I am solving a problem which asks: How many $13$-bit binary numbers that have no two $0$'s together are there?
My first approach: A $13$-bit binary number can
either start and end with $0$ like $0101010101010$ and here we can replace the $0$'s with $1$ also that is they have two choices either be $0$ or $1,$ therefore for seven $0$'s, $2^7$ choices;
or start and end with $1$ so for six $0$'s, $2^6$ choices.
Therefore, the solution is $2^7 + 2^6 -1=191.\;$ ($-1$ so that $13$-bit binary number with all $1$'s is considered only once.)
My second approach, using recurrence relation for $n$-bit binary numbers with no two consecutive $0$'s: $$a_{n} = a_{n-1} + a_{n-2}, a_0 = 1, a_1 = 2, a_2 = 3$$ so for $a_{13}$ the answer is $610.$
Here is a neat way to think about this problem.
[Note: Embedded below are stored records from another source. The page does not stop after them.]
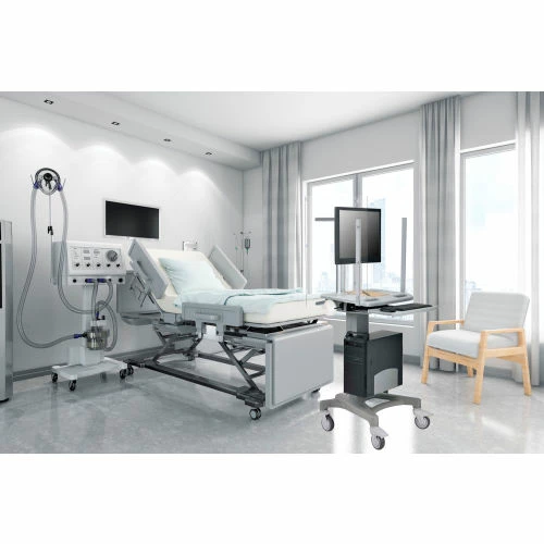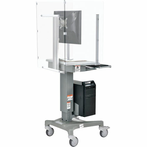 - 1 Top rear bracket – steel bracket for attaching clear plastic rear panel with coved washers, nuts, and bolts to computer cart upright with 3x self-tapping screws
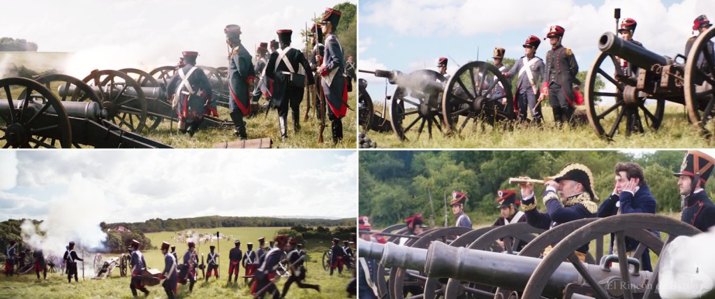 Neuville: «¿Lo que pasó en Essling? Era un día agradable. El Emperador venía de ganar 4 batallas en 5 días. Pero esa mañana, mientras cruzábamos el río, el puente se derrumbó bajo nosotros. Parte del ejército… se vio aislada, atrapada. Los austriacos instalaron su artillería y… el Emperador dio la orden a la caballería atacar. Nos lanzamos, orgullosos, inconscientes. Pero los cañones austriacos dispararon antes de que llegáramos a ellos. No sé cuánto tiempo duró la masacre. Una hora… Unos segundos… No lo recuerdo claramente. Un ruido ensordecedor. El suelo que explota. Jinetes lanzados al aire. La cabeza de Joubert arrancada por una bala de cañón, su cuerpo desarticulado continúa su loca carrera. Mi caballo tropieza y cae. Su sangre caliente me cubre la cara. A mi lado un hombre que contempla sus vísceras. Y otro hombre… cuyo brazo se sostiene por una vena. Eso. 300 hombres murieron así. Bajo un diluvio de fuego y acero. 300 cuerpos reventados y esparcidos por todo el campo. 300 vidas extinguidas, en un instante. General.«
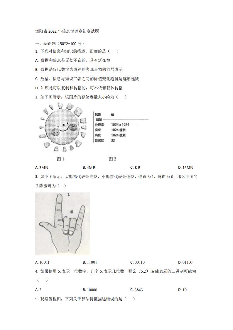 浏阳市2022年信息学奥赛初赛试题,仅提供网盘下载,如介意,请不要下载。
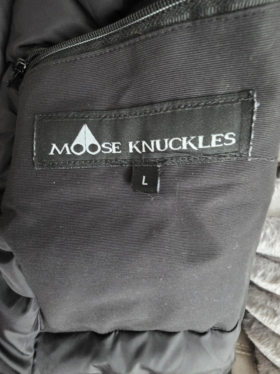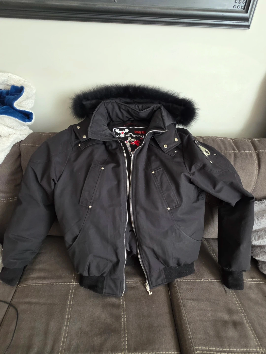 Black Moose Knuckles bomber jacket.
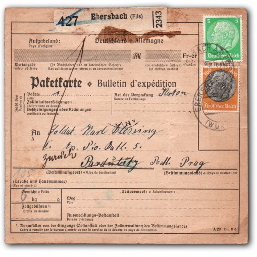 Paczka została wysłana z Ebersbach an der Fils w Badenii-Wirtembergii do Pardubic w dzisiejszych Czechach (ówczesny Protektorat Czech i Moraw) 28. lipca 1940 roku.
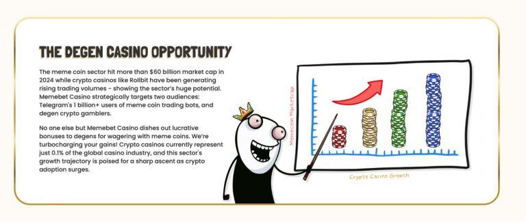 En ce qui concerne la croissance potentielle de Memebet, le projet se positionne à l’intersection de deux secteurs en pleine expansion. Actuellement, le marché des pièces de mèmes vaut plus de 40 milliards de dollars, tandis que les jeux d’argent en ligne génèrent 100 milliards de dollars de revenus annuels – et cela devrait atteindre 130 milliards de dollars en cinq ans.
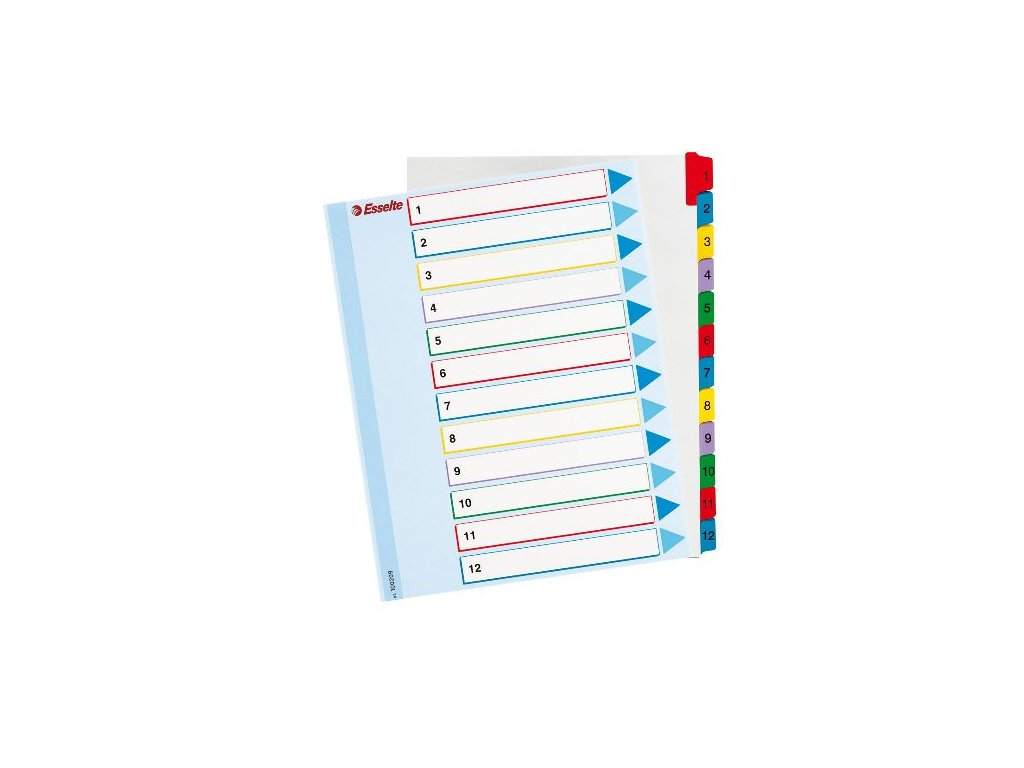 Zosilnené rozraďovače Esselte Mylar rozšíreného formátu A4 Maxi z kvalitného, silného kartónu, jednotlivé stránky v rôznych farbách. Na číselné triedenie dokumentov. Multiperforácia umožňuje použitie rozlišovača v krúžkovom aj pákovom poradači. Titulný list s možnosťou opakovaného popisu. Jednoduchá orientácia v zakladaných dokumentoch. Formát A4 Maxi umožňuje využitie rozraďovača pri ukladaní dokumentov v prospektových obaloch.Doplňkové parametry

Instead of asking how many 13-bit binary numbers there are with no consecutive 0's we can equivalently ask how many 13-bit binary numbers there are with no consecutive 1's.
In the following we define the Fibonacci numbers as $F_{-1}=1$, $F_0 = 1$, $F_1 = 2$, $F_n = F_{n-1} + F_{n-2}$ (we care for this exact indexation).
A beautiful theorem by Zeckendorf says that every number $n$ can be uniquely decomposed into a sum of pairwise non-consecutive Fibonacci numbers, i.e. $n=\sum_{i=0}^\infty a_i F_i$ with $a_i\in \{0,1\}$ and $a_ia_{i+1}=0$ for all $i$. Taking these coefficients we can turn each number $n$ into a binary string $[n]_Z=a_ka_{k-1}\ldots a_1a_0$, where $k$ is the highest non-zero coefficient (i.e. forget all leading 0's). Let us call $[n]_Z$ the Zeckendorf code of $n$.
One quickly sees that the number of $k$-bit Zeckendorf codes is exactly $F_{k-2}$. Note that all $k$-bit Zeckendorf codes start with 10, so the number of $(k+2)$-bit Zeckendorf codes is exactly the number of $k$-bit binary codes with no consecutive 1's (including those with leading 0's).
Hence, the number of $k$-bit binary codes with no consecutive 1's is $F_k$, in particular, for $k=13$ we get $F_{13}=610$.
I know that this approach is a little overkill for the problem at hand but I wanted to point out the nice mathematics connected to this. Also, there is a generalization of Zeckendorfs theorem for Narayana numbers and all the other higher-order generalized Fibonacci numbers, so that questions like How many binary numbers with all 1's at least $r$ 0's apart are there? can be answered analogously.